Heute geht es in der Haarbande um Feuchtigkeit für trockenes Haar und das ist auf dem Wuscheline-Blog ganz sicher kein neues Thema. Denn wellige und lockige Haare sind fast immer trocken bzw. haben zu wenig Feuchtigkeit und meine ganz bestimmt. Was also kann man tun, um zu Trockenheit neigende Haare mit Feuchtigkeit zu versorgen oder die Feuchtigkeit im Haar zu halten? Hier ein paar Anregungen.

Feuchtigkeit für trockene Haare | Haarbande

1. Seltener waschen

Vielleicht klingt das erstmal seltsam und unlogisch, aber meiner Erfahrung nach stimmt es: weniger Waschen bringt den Haaren mehr Feuchtigkeit. Und mit „weniger“ meine ich einerseits seltener und andererseits schonender.

Jede Haarwäsche trocknet die Haare aus, raubt ihnen Feuchtigkeit, die nach der Wäsche wieder zugeführt werden muss (meist durch Spülung, Kur, Leave-Ins, Sprays usw.). Wenn man trockene Haare hat (und um die geht es hier ja), ist es meist kein Problem, auf einen Haarwaschrhythmus von einer Woche oder seltener zu kommen.
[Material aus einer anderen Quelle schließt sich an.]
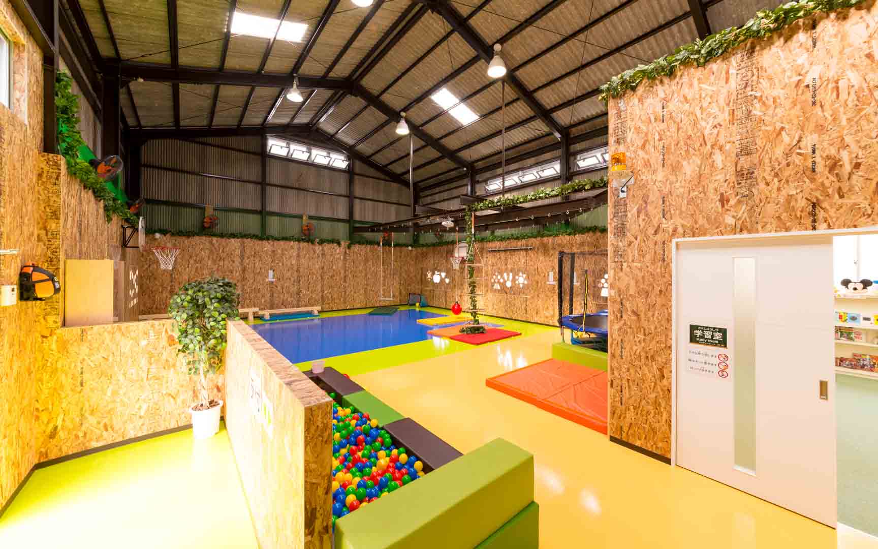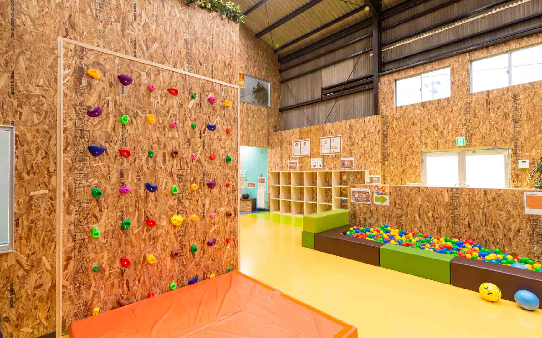 ボール運動・鉄棒・跳び箱・体幹トレーニング・ロープ遊び・ブランコ・ボルダリング・砂場・感覚遊びなどから社会生活に必要なことを学び自立に向けてサポート致します。また、2階には保護者用の見学席を設けたほか、施設全体に8台のカメラを設置し、子どもたちの安全への配慮と工夫をこらした施設となっております。

Und wenn das kein Problem ist, dann sollte man die Haare auch nicht öfter waschen, außer es ist unbedingt nötig.

Man kann das auch umgekehrt denken: jede weggelassene Wäsche lässt dem Haar die eigene Feuchtigkeit bzw. den Schutzmantel, den das körpereigene, pflegende Sebum um die einzelnen Haare bildet. Seltener waschen heißt also mehr Feuchtigkeit im Haar.

Falls man wirklich das Gefühl hat, dass dem Haar „Wasser“ fehlt (bei trockener Luft ist das evtl. manchmal der Fall), kann man die Haare einfach etwas mit Wasser einsprühen, statt zu waschen.

2. Schonender waschen

Klar, irgendwann und irgendwie muss man seine Haare zumeist waschen. Wenn man trockenes und/oder welliges Haar hat, dann sollte man sich Gedanken um die Waschmethode machen und eine auswählen, die die Haare schont und ihnen möglichst viel Feuchtigkeit „lässt“, den Schutzmantel wenig angreift.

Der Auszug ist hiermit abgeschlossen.